» Instructions to follow
Every line from the one holding "Die dritte Option" through the one holding "LARGE OIL CONTAINER: Deep" in the data below must be returned exactly, both ends included, with pictures left out and nothing else added.

» Dataset excerpts

- - -

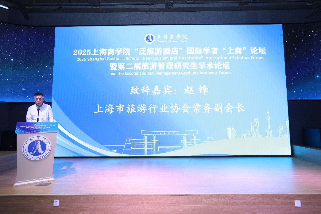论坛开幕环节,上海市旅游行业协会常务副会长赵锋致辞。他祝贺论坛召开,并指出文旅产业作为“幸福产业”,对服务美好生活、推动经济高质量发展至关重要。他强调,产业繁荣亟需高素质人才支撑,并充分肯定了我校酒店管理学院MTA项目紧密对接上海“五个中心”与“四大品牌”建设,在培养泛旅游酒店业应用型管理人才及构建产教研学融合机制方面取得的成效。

- - -

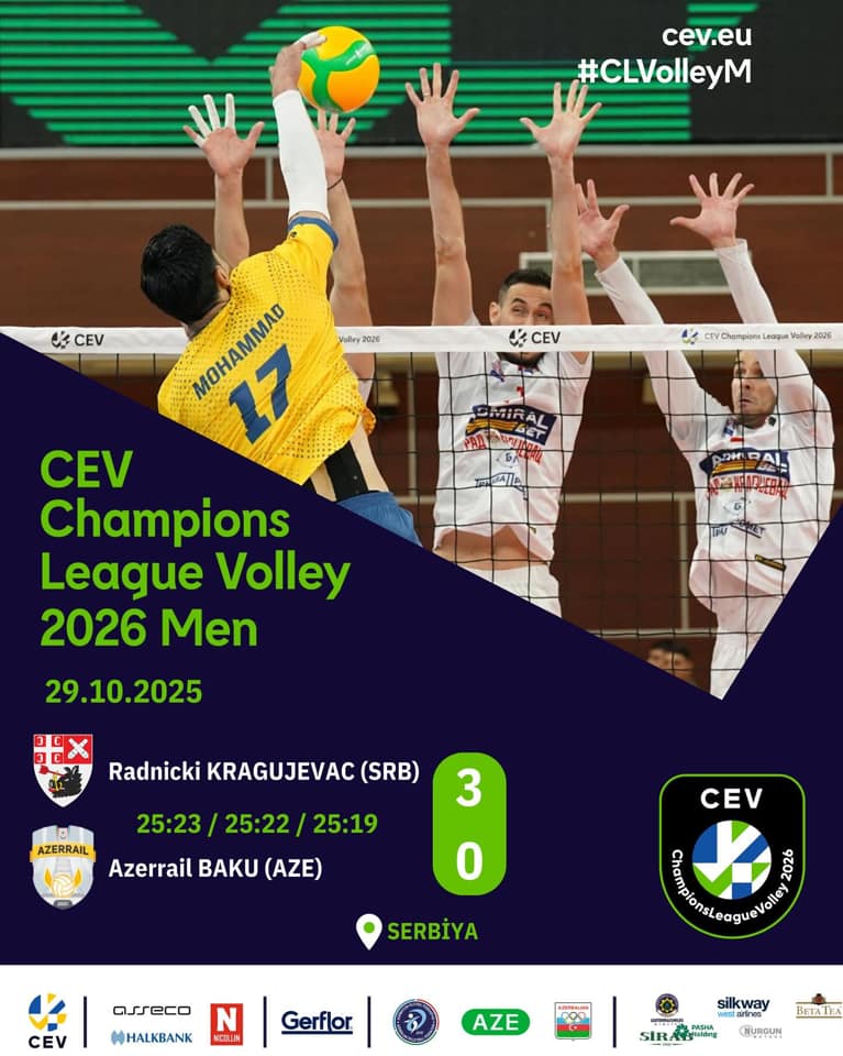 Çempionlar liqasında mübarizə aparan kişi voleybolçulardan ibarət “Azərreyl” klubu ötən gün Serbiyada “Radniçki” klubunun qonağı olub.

- - -

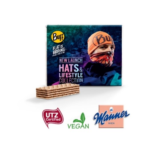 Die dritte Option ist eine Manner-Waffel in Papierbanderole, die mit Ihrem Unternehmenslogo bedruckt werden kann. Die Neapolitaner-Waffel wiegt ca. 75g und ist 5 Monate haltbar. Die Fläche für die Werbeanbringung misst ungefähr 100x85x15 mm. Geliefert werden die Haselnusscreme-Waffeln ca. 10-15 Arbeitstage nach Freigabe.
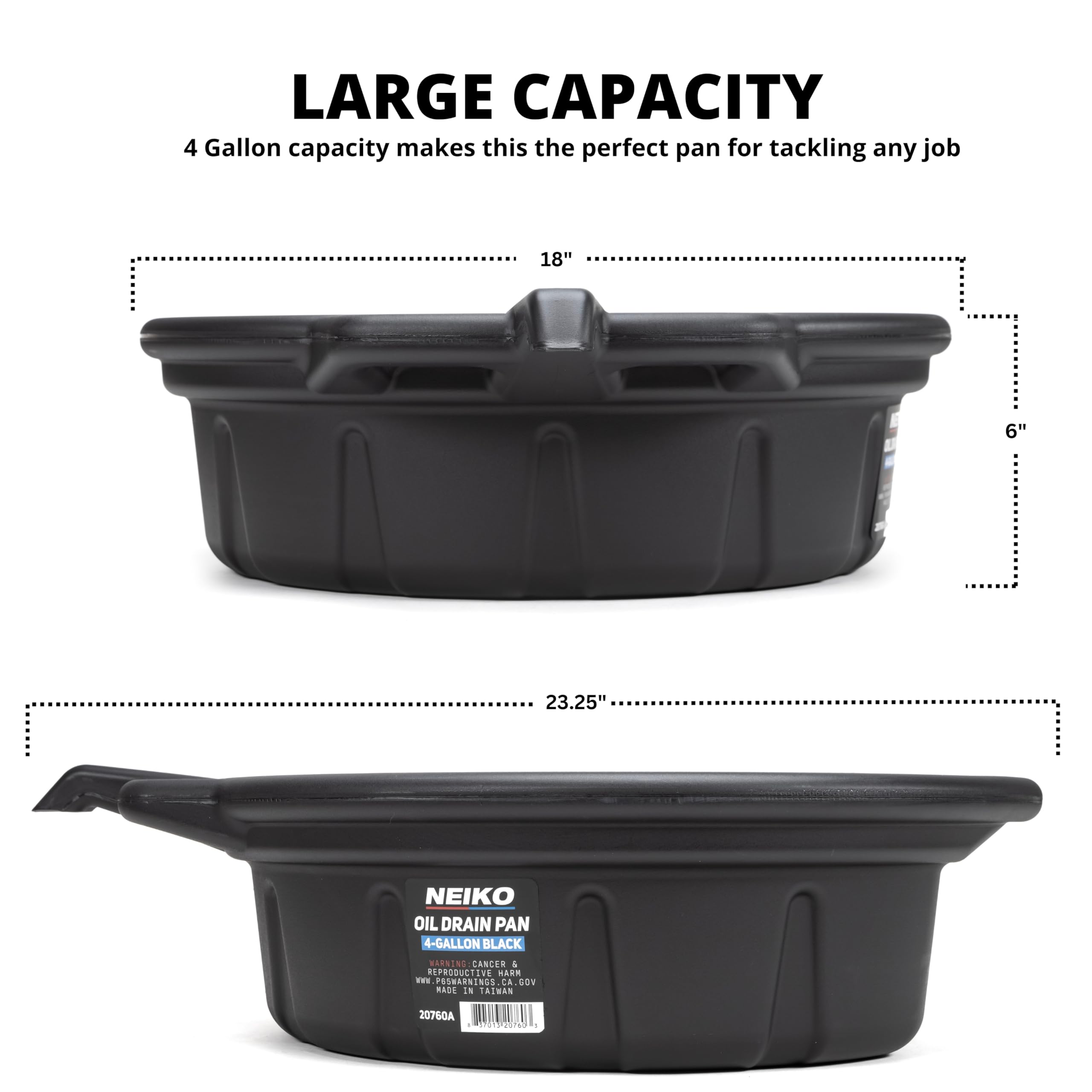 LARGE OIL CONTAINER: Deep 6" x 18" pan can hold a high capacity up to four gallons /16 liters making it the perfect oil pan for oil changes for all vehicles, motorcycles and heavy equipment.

- - -

» Task output
 Die dritte Option ist eine Manner-Waffel in Papierbanderole, die mit Ihrem Unternehmenslogo bedruckt werden kann. Die Neapolitaner-Waffel wiegt ca. 75g und ist 5 Monate haltbar. Die Fläche für die Werbeanbringung misst ungefähr 100x85x15 mm. Geliefert werden die Haselnusscreme-Waffeln ca. 10-15 Arbeitstage nach Freigabe.
 LARGE OIL CONTAINER: Deep 6" x 18" pan can hold a high capacity up to four gallons /16 liters making it the perfect oil pan for oil changes for all vehicles, motorcycles and heavy equipment.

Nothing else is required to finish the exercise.